Butternut Squash Soup with Coconut Milk

Wine Commentary by Gary Twining

A twist on traditional butternut soup, with coconut milk to up the flavor ante. To safely cut through butternut squash, I use a somewhat unconventional method. I place a knife on the length of the squash, and gently tap the back of the knife with a mallet. The knife slides right through with no risk of nicking my fingers. Don’t use your most expensive knife for this kitchen hack, but do use your sharpest.

1 TBS olive oil

1 small onion, minced

1 clove garlic, minced

1 TBS minced fresh ginger

4 cups chicken stock

3 cups water

1 tsp salt

1 large butternut squash, peeled and cubed

1 sweet potato

1 russet potato

1 bay leaf

1/2 tsp dried thyme

1 can coconut milk

Sour cream, for garnish

Heat oil in a Dutch oven. Add onion and sauté until softened. Add garlic and ginger. Cook until softened. Add stock, water, salt, squash, potatoes, bay leaf and thyme. Bring to a boil. Reduce heat to low, cover and simmer 20 minutes or until squash is tender. Remove bay leaf. Stir in coconut milk and heat through. Puree in batches in food processor or use an immersion blender to puree. Garnish with a dollop of sour cream, if desired. Serves 4 to 6.

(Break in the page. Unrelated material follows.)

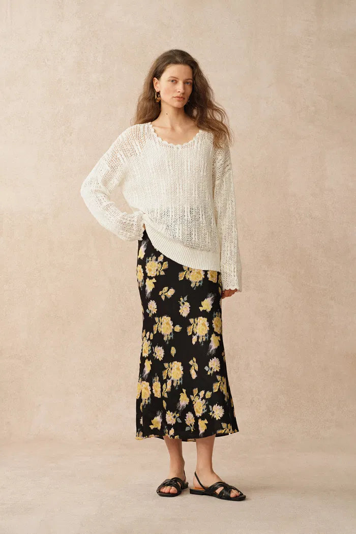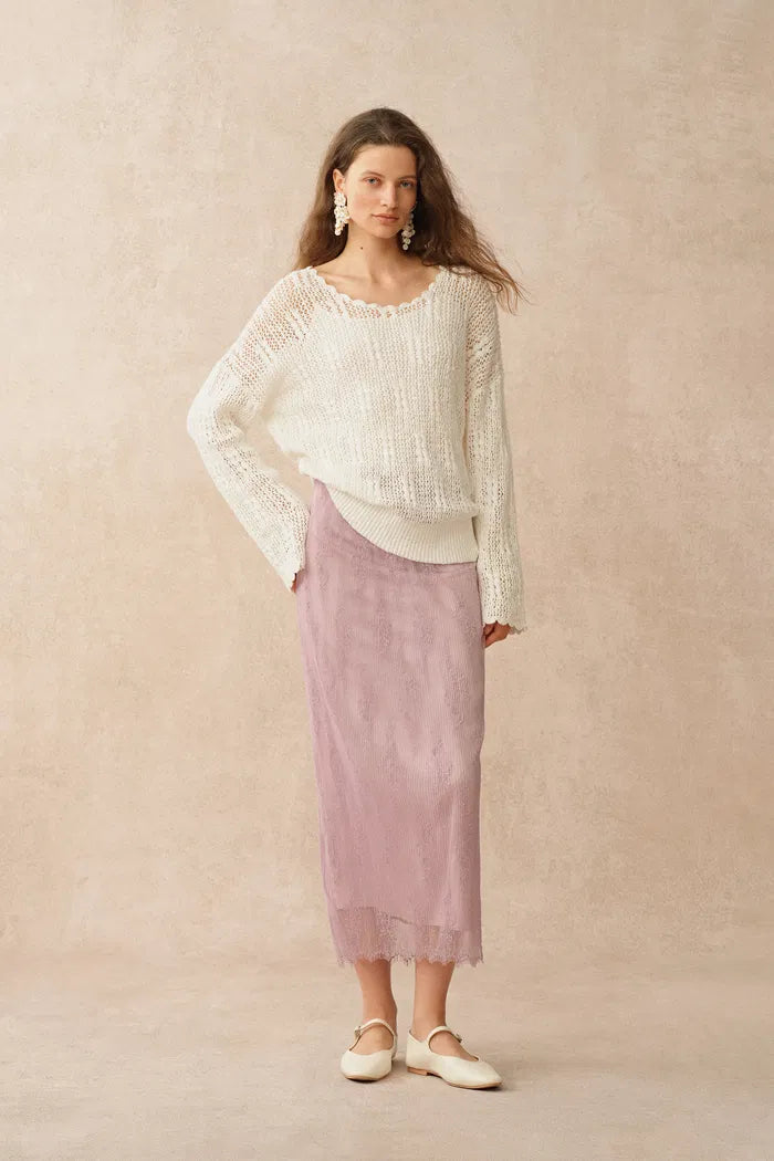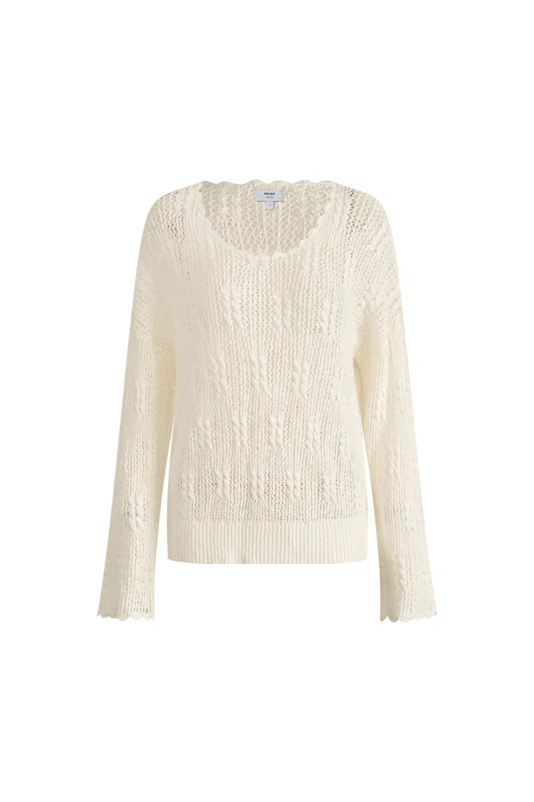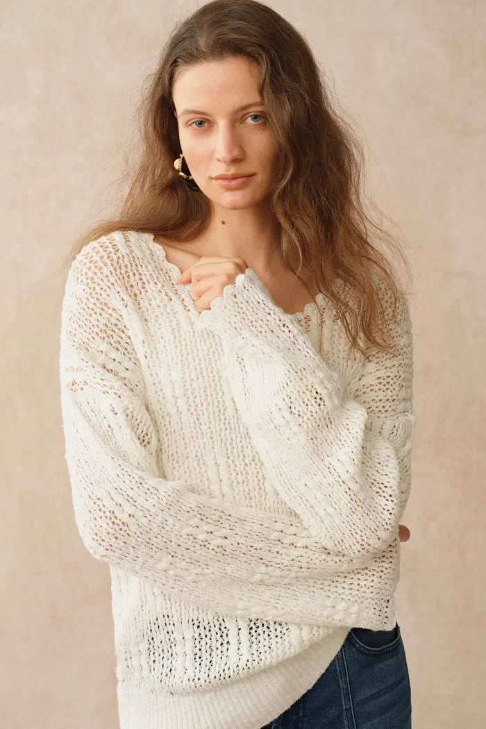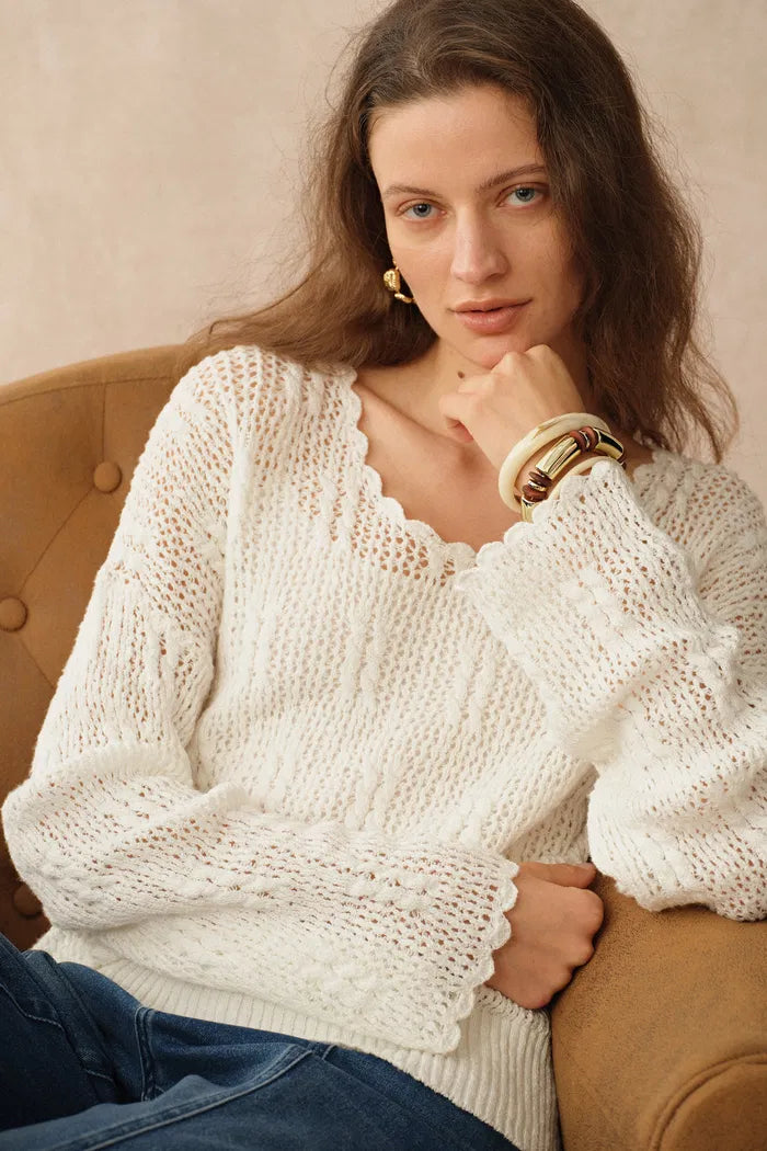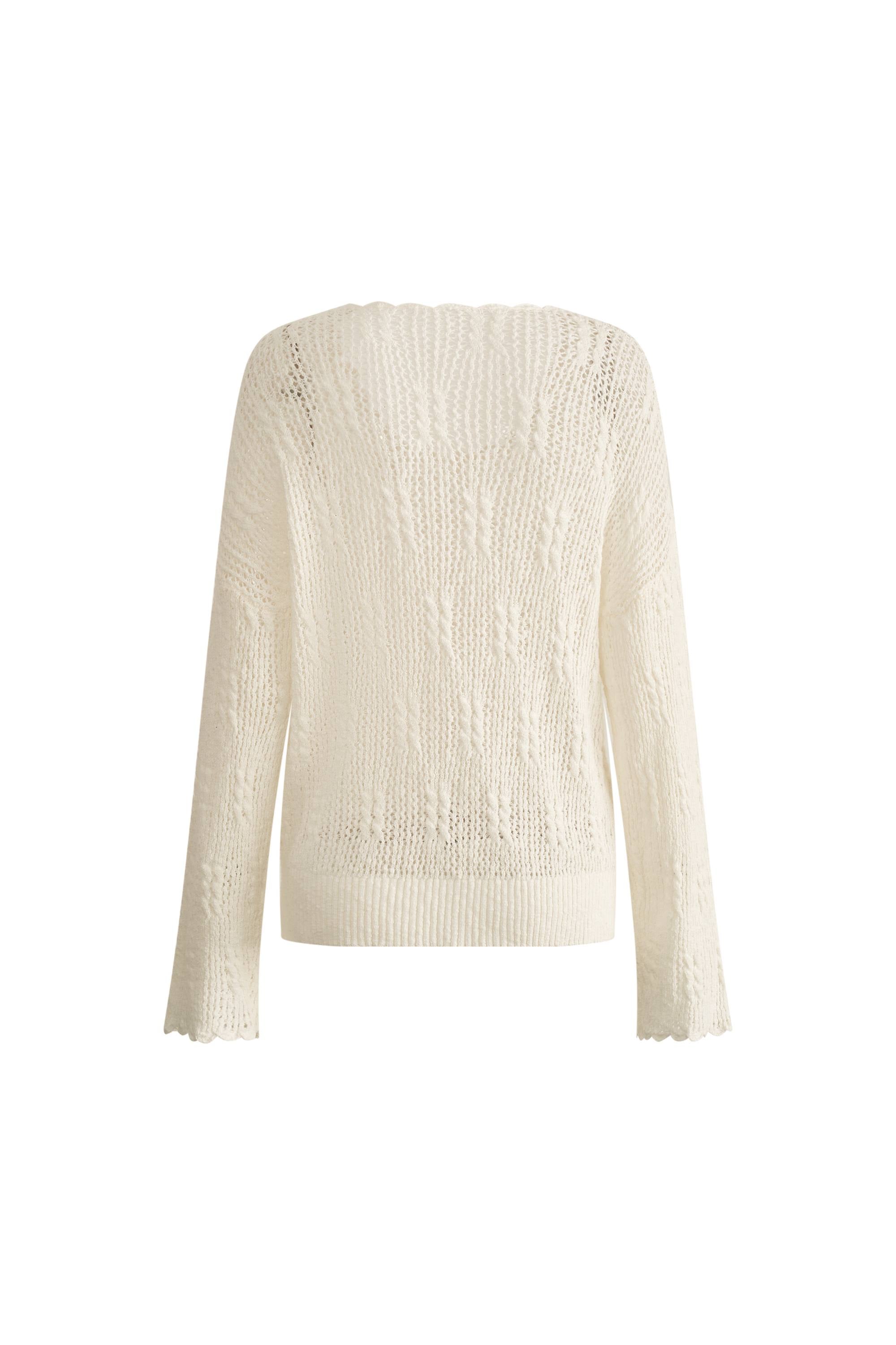 Livy Scalloped Neckline Cardigan in Textured Cotton Knit

Gary: A richer, more textured soup with earthy notes from the squash would call for a flavorful white wine, such as an unoaked Chardonnay; look to Washington State, California, Ohio or the Mâcon region of France. Soave with its texture and moderated acidity would be a good pairing, as would a white from Italy’s Campania region (Fiano or Greco) if you want to echo the earthiness of the soup.